[Your goal] Could you output exactly the lines running from the one containing "經(jīng)過一段時間精心" to the final line of the listing below, leaving out pictures?

[The data]
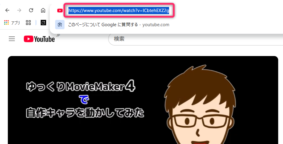 まず動画サイトにて、ダウンロードしたい動画のURLをコピーしておきます。
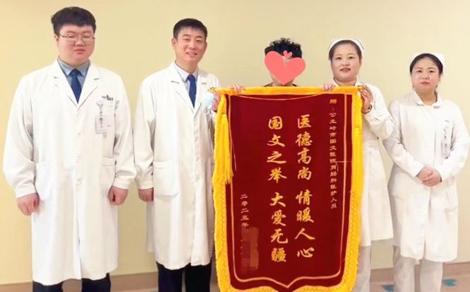 經(jīng)過一段時間精心調(diào)理,祝先生如期出院。出院當日,祝先生與家人手捧錦旗,懷著滿滿的感激之情,鄭重地將錦旗送到肝膽胰胃腸外科王得勝主任團隊手中。錦旗上熠熠生輝的文字,既是對團隊精湛醫(yī)術(shù)的由衷贊嘆,更是醫(yī)患之間以生命相托、以真心相付的溫暖注腳。
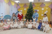 Сегодня в нашем детском саду прошёл самый первый новогодний утренник в группе раннего возраста. Малыши пришли нарядные, превратившись в весёлых зайчиков, красивых снежинок. Все закружились в новогоднем хороводе. Малыши веселились у нарядной ёлочки с добрым Дедушкой Морозом, красавицей Снегурочкой, шустрым Зайчонком. Они водили с ними хороводы, играли в снежки, танцевали с погремушками. Малыши со снегурочкой поиграли в волшебную игру «Ёлочка свети!». Помогли Снегурочке зажечь огоньки на новогодней, праздничной елочке. Она засияла разноцветными огнями. Со снегурочкой Девочки - Снежинки в красивых платьицах закружились в лёгком танце у новогодней ёлки. Вместе с зайчиком наши маленькие зайчата отплясывали весёлый танец. Дедушка Мороз в конце праздника всем подарил подарки. Утренник прошёл в теплой сказочной атмосфере.
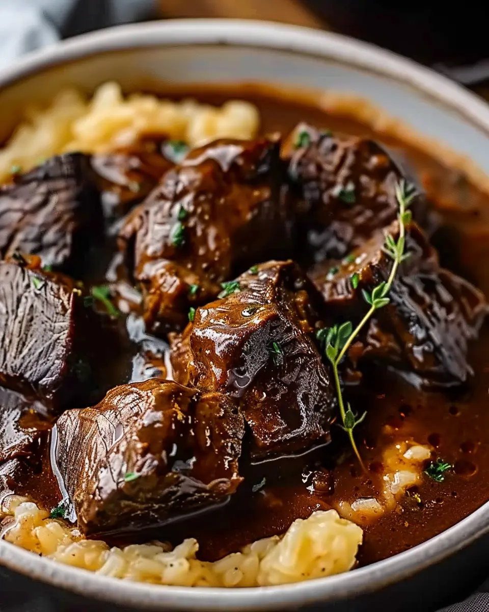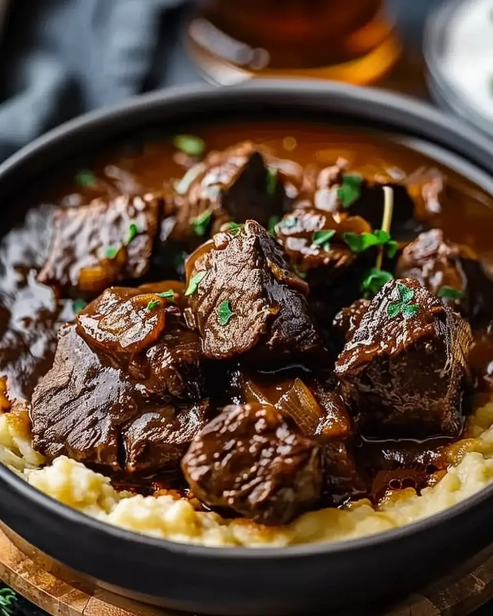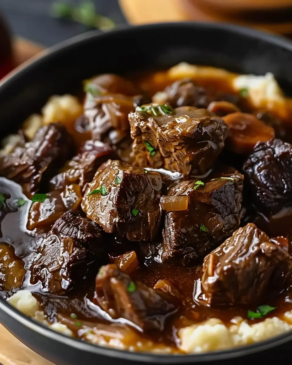 - Layered Serving: Serve the beef over a mound of mashed potatoes in a shallow bowl for an appealing layered look.

[Response area]
 經(jīng)過一段時間精心調(diào)理,祝先生如期出院。出院當日,祝先生與家人手捧錦旗,懷著滿滿的感激之情,鄭重地將錦旗送到肝膽胰胃腸外科王得勝主任團隊手中。錦旗上熠熠生輝的文字,既是對團隊精湛醫(yī)術(shù)的由衷贊嘆,更是醫(yī)患之間以生命相托、以真心相付的溫暖注腳。
 Сегодня в нашем детском саду прошёл самый первый новогодний утренник в группе раннего возраста. Малыши пришли нарядные, превратившись в весёлых зайчиков, красивых снежинок. Все закружились в новогоднем хороводе. Малыши веселились у нарядной ёлочки с добрым Дедушкой Морозом, красавицей Снегурочкой, шустрым Зайчонком. Они водили с ними хороводы, играли в снежки, танцевали с погремушками. Малыши со снегурочкой поиграли в волшебную игру «Ёлочка свети!». Помогли Снегурочке зажечь огоньки на новогодней, праздничной елочке. Она засияла разноцветными огнями. Со снегурочкой Девочки - Снежинки в красивых платьицах закружились в лёгком танце у новогодней ёлки. Вместе с зайчиком наши маленькие зайчата отплясывали весёлый танец. Дедушка Мороз в конце праздника всем подарил подарки. Утренник прошёл в теплой сказочной атмосфере.
 - Layered Serving: Serve the beef over a mound of mashed potatoes in a shallow bowl for an appealing layered look.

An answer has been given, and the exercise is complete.